Nginx limit search engine crawler frequency, disable shielding network crawler configuration Example _nginx

Source: Internet
Author: User
Tags curl

Copy Code code as follows:

#全局配置
Limit_req_zone $anti _spider zone=anti_spider:10m rate=15r/m;

#某个server中
Limit_req Zone=anti_spider burst=30 Nodelay;
if ($http _user_agent ~* "Xxspider|xxbot") {
Set $anti _spider $http _user_agent;
}

Exceeding the set limit frequency, it will give Spider a 503.
The above configuration detailed explanation Please Google, the specific Spider/bot name please customize.

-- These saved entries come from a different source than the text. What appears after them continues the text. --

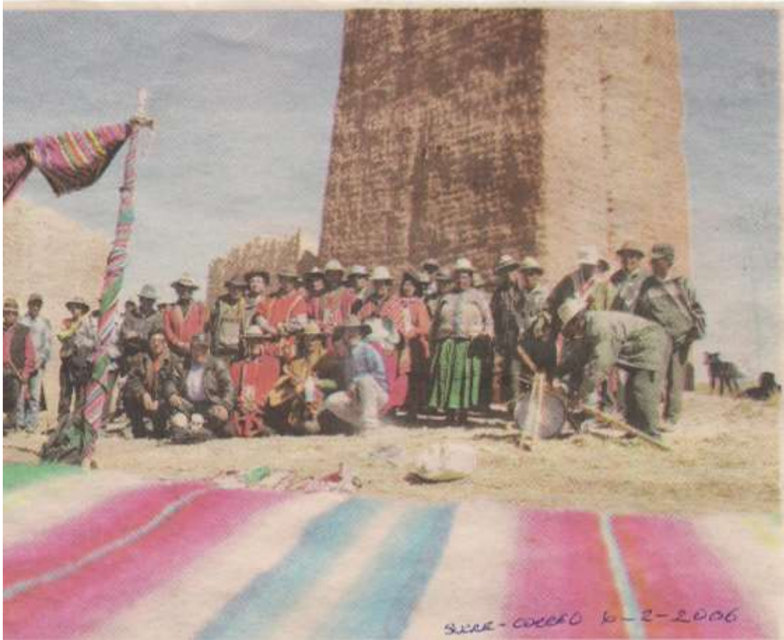
LAS COMUNIDADES DE WAYLLANI Y CÓNDROR AMAYA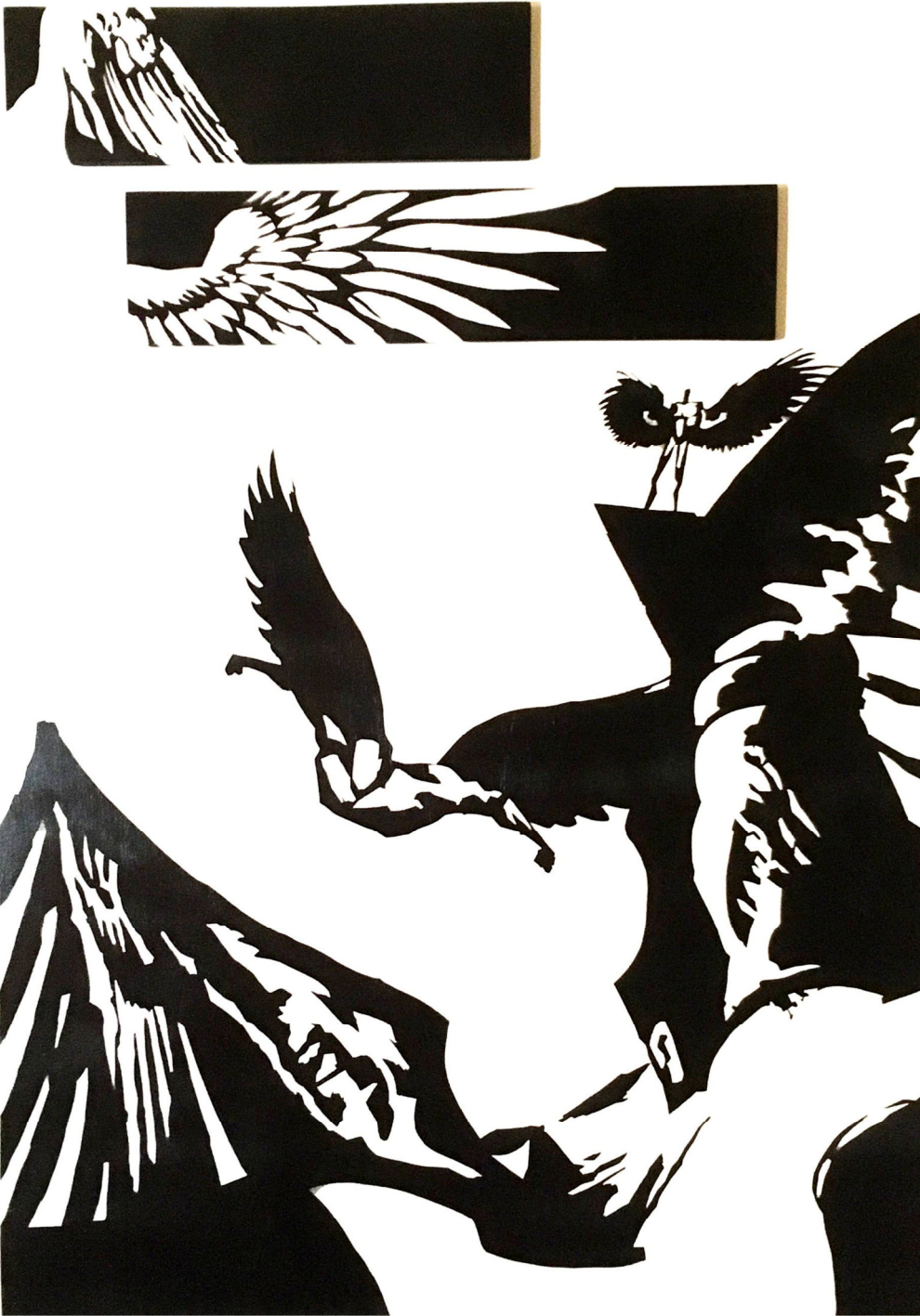
Slika 1. „Slobodni pad“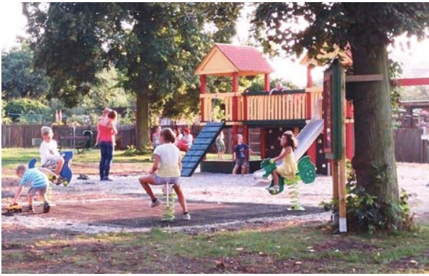
Öffnung und Durchwegung der KGA, Ruhezonen und Kinderspielfläche können einige „Bausteine für den Leuchtturm“ KGV sein.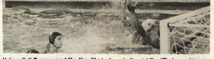
Vaterpolisti Zvezne republike Nemčije in Jugoslavije so bili v Kranju na sklepni pripravi pred olimpiado v Seulu. Odigrali so tudi nekaj medsebojnih prijateljskih srečanj. Posnetek je s sobotne tekme, ki so jo naši dobili z 11 : 10.

Agrokomerca na Celovski 43 v Ljubljani Med špekulacijo in korupcijo stran 4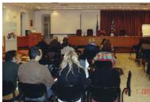
Προεδρείο & άποψη αίθουσας

Ως δεύτερο βήμα, η Δ.Ε. ΤΕΕ/ΤΑΚ σύστησε Ομάδα Εργασίας με θέμα «ΔΙΑΜΟΡΦΩΣΗ ΠΡΟΤΑΣΕΩΝ ΤΕΕ/ΤΑΚ ΓΙΑ ΤΟΝ ΠΟΛΕΟΔΟΜΙΚΟ ΣΧΕΔΙΑΣΜΟ» η οποία θα συντάξει κείμενο προτάσεων - εισήγηση προς τη Δ.Ε. αφού λάβει υπόψη της τόσο το κείμενο του ΤΕΕ - Τμήμα Κεντρικής Μακεδονίας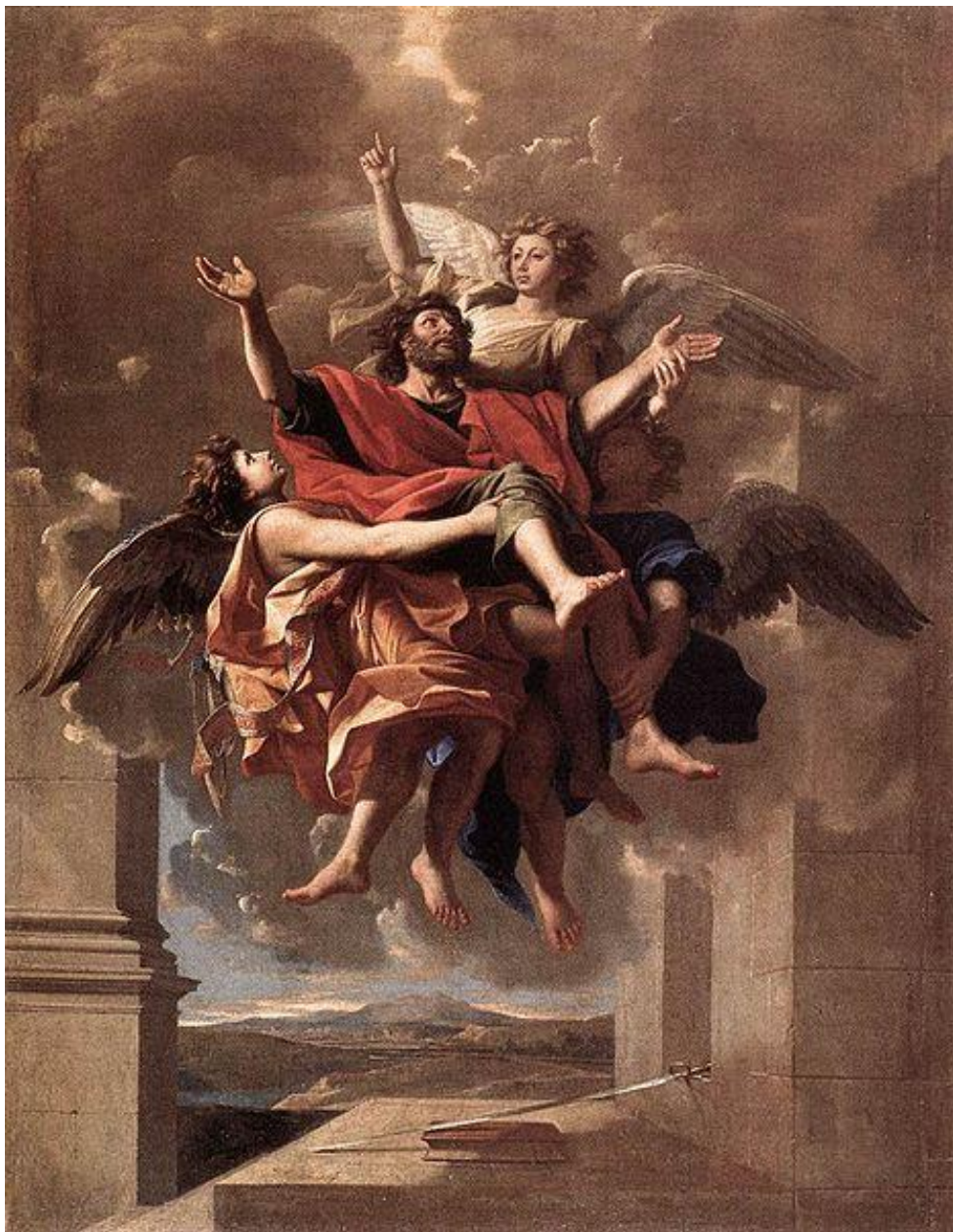
Nicolas Poussin (1594-1665) L'extase de Saint-paul, 1649-1650 148X120cm, huile sur toile Musée du Louvre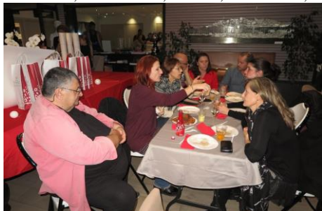
A table !!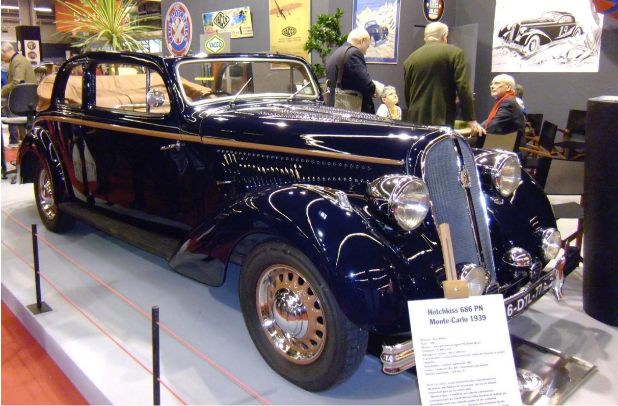
Hotchkiss Monte-Carlo 1939 Rétromobile 2013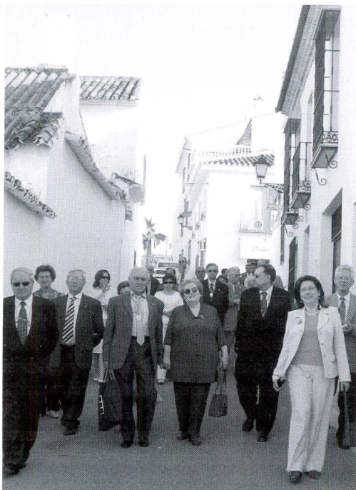
Cronistas y acompañantes paseando por Cañete

Alternativamente a las sesiones de trabajo, muchos de los acompañantes habían girado visita a la Ermita de Jesús, antigua Ermita de la Vera Cruz y a las Cruces de Mayo. Más tarde,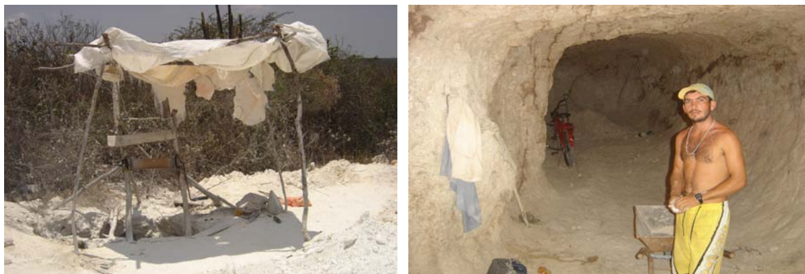
Figura 4. Estrutura rústica para a entrada dos garimpeiros nas minas subterrâneas e garimpeiro sem proteção no interior da cava subterrânea, condições que facilitam os acidentes.

Attached: Nginx in the ban network crawler

Copy Code code as follows:

server {
Listen 80;
server_name www.xxx.com;

#charset Koi8-r;

#access_log Logs/host.access.log Main;

#location/{
# root HTML;
# index index.html index.htm;
#}
if ($http _user_agent ~* "qihoobot| baiduspider| Googlebot| googlebot-mobile| googlebot-image| mediapartners-google| adsbot-google| Feedfetcher-google|yahoo! slurp|yahoo! slurp china| Youdaobot| sosospider| Sogou spider| Sogou Web spider| msnbot|ia_archiver| Tomato Bot ") {
return 403;
}

Location ~ ^/(. *) $ {
Proxy_pass http://localhost:8080;
Proxy_redirect off;
Proxy_set_header Host $host;
Proxy_set_header X-real-ip $remote _addr;
Proxy_set_header x-forwarded-for $proxy _add_x_forwarded_for;
Client_max_body_size 10m;
Client_body_buffer_size 128k;
Proxy_connect_timeout 90;
Proxy_send_timeout 90;
Proxy_read_timeout 90;
Proxy_buffer_size 4k;
Proxy_buffers 4 32k;
Proxy_busy_buffers_size 64k;
Proxy_temp_file_write_size 64k;
}

#error_page 404/404.html;

# REDIRECT Server error pages to the static page/50x.html
#
Error_page 502 503 504/50x.html;
Location =/50x.html {
root HTML;
}

# Proxy The PHP scripts to Apache listening on 127.0.0.1:80
#
#location ~ \.php$ {
# Proxy_pass http://127.0.0.1;
#}

# Pass the PHP scripts to FastCGI server listening on 127.0.0.1:9000
#
#location ~ \.php$ {
# root HTML;
# Fastcgi_pass 127.0.0.1:9000;
# Fastcgi_index index.php;
# Fastcgi_param Script_filename/scripts$fastcgi_script_name;
# include Fastcgi_params;
#}

# Deny access to. htaccess files, if Apache ' s document Root
# concurs with Nginx ' s one
#
#location ~/\.ht {
# Deny All;
#}
}


You can test it with curl.

Copy Code code as follows:
Curl-i-A "Qihoobot" www.xxx.com

Contact Us

The content source of this page is from Internet, which doesn't represent Alibaba Cloud's opinion; products and services mentioned on that page don't have any relationship with Alibaba Cloud. If the content of the page makes you feel confusing, please write us an email, we will handle the problem within 5 days after receiving your email.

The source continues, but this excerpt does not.